“Can’t you go to her?” Willow asked.
“I could, but I’d be punished. So would she.” Jace fisted her hands. “I help her in other ways as best I can.”
“Mucky Maeve, Mucky Maeve, crawled from the cradle too ugly to save,” jeered a handsome fae boy with pale green eyes. His friends joined in, their jabs a cruel singsong. “Teeth too sharp and soul too black—no nurse nor nip would take her back!”
Maeve curled farther inward. Her thin arms moved in furtive jerks as she cleaned up the mess she didn’t cause.
“Isno onenice to her?” Willow asked.
Before Jace could answer, a whistle split the air. She turned to see two tiny men at the entrance to the hall, each dressed in stiff brocade jackets. The shorter of the two removed his thumb and index finger from his mouth and nodded. Both men marched to the threshold, turned smartly on their heels, and raised a pair of silver trumpets. A blast of music silenced the crowd and shook pink puffballs from the roof beams, clouds of it floating down like cotton candy.
There was the clink of boots, and Aesra stepped through the archway. Her pale eyes swept the hall before locking on Willow.
“Willow Braselton, please rise,” she said, her voice low but carrying.
Willow turned toward the dais where Severine still sat at the head of the long table. She appeared absorbed in the pink puffballs, eyes half-lidded in thought.
Then—almost absently—her gaze flicked to Willow. She smiled and inclined her head.
Before Willow could fully register it, Aesra’s gloved hands were under her arms, assisting her to her feet and escorting her out of the dining hall.
~
Aesra said nothing as she walked, her boots clicking evenly over the stone. Willow trailed behind, quickening her steps every few yards just to keep pace. The corridors turned in on themselves—looping through archways, spiraling beneath colonnades, leading nowhere and yet onward, onward still. Once, they descended a narrow stair and emerged—impossibly—on a level they’d already crossed.

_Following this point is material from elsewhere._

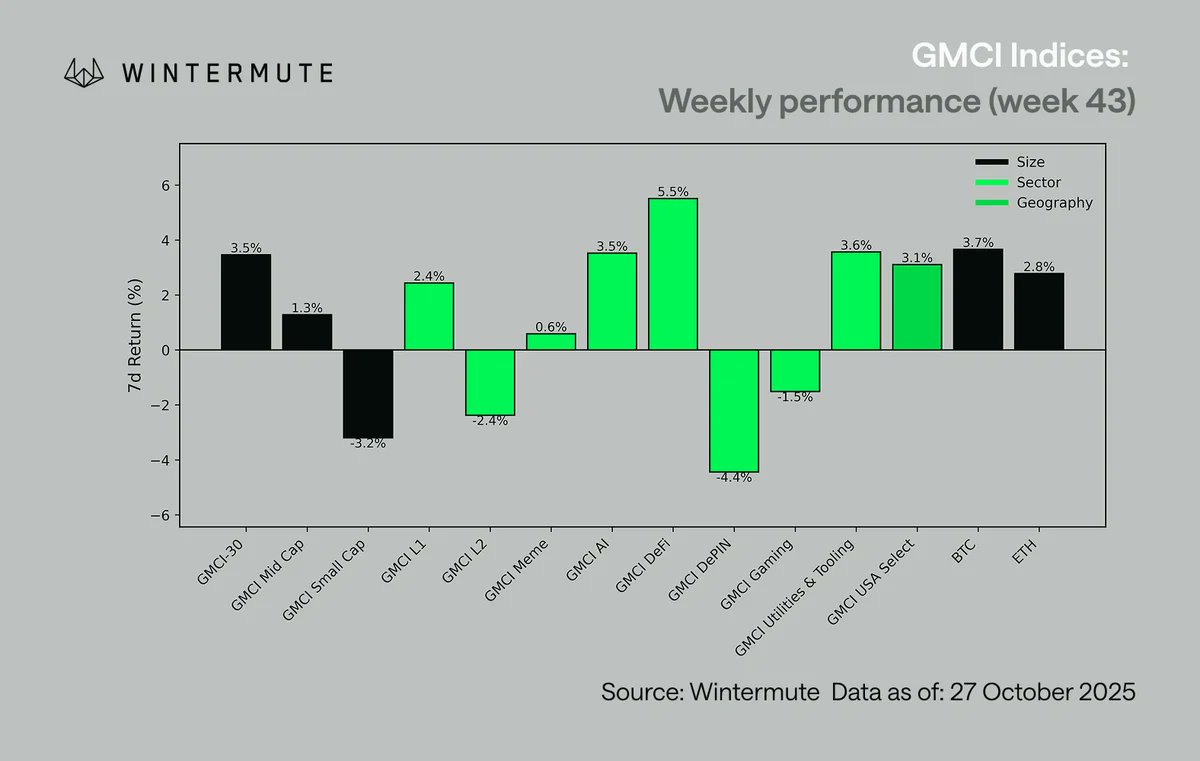 Flows are broadening beyond the majors. DeFi and AI names led on stronger protocol revenues and improving on-chain activity. Utilities and tooling caught a bid as new L2 deployments and restaking primitives drew liquidity. Perp funding turned positive across most large caps, a sign sidelined capital is stepping back in. Positioning is still far from crowded, which is healthy. Stablecoin supply ticked higher for the first time since September, a good tell that macro tailwinds are starting to translate into real inflows.

It reminded Willow of dreams she’d had as a child, ones where she wandered a house with too many doors, each opening into another version of the same hallway.
Gradually, the air changed, and the palace grounds opened onto something wilder. From behind a bower of flowering glassvine, the queen stepped out.
“Thank you, Aesra,” she said.
Willow blinked, startled and a bit annoyed. Was this why Aesra had taken the long way—to give Severine time to get here first, to allow for this “surprising” reveal?
They resumed walking, with Aesra following at a polite distance behind. Severine asked after Willow’s sleep. She commented on the size of the roses—apparently, they were particularly large this summer—and wondered aloud whether the white squirrels spotted recently in the palace trees were an omen of good things to come.
“White squirrels,” Severine repeated. “In Eryth, of all places. Isn’t that a marvel?”
“It is,” Willow said, though she hadn’t spotted one of these possible good omens. All the squirrels she’d seen in Eryth were the garden-variety type, brown and chatty with lovely full tails.
Willow wasn’t interested in squirrels of any hue, however. She was weary of polite conversation altogether. “I was wondering, Your Highness, about Serrin.”
Severine’s smile grew fixed.
“What if I just sat with him?” Willow asked. “We wouldn’t even have to speak. I wouldn’t bother him, I promise.”
“You will meet Serrin at the Mating Ceremony,” Severine replied, her tone gentle but absolute. “As I’ve said.”
“Yes, but... can you at least tell me when the Mating Ceremony will be?”
A high, needling whine cut through the air. Willow turned to see Aesra flinch and draw her sword from its sheath.
“Aesra?” Severine asked mildly.
Aesra was crouched low, eyes locked on something flitting near her cheek. She swiped at the air once, then again. The blade nicked a hedge.
“It’s just a mosquito, isn’t it?” Willow asked Severine. She searched for the word Poppy had used. “A mordrek?”
“Aesra, that’s quite enough,” Severine said.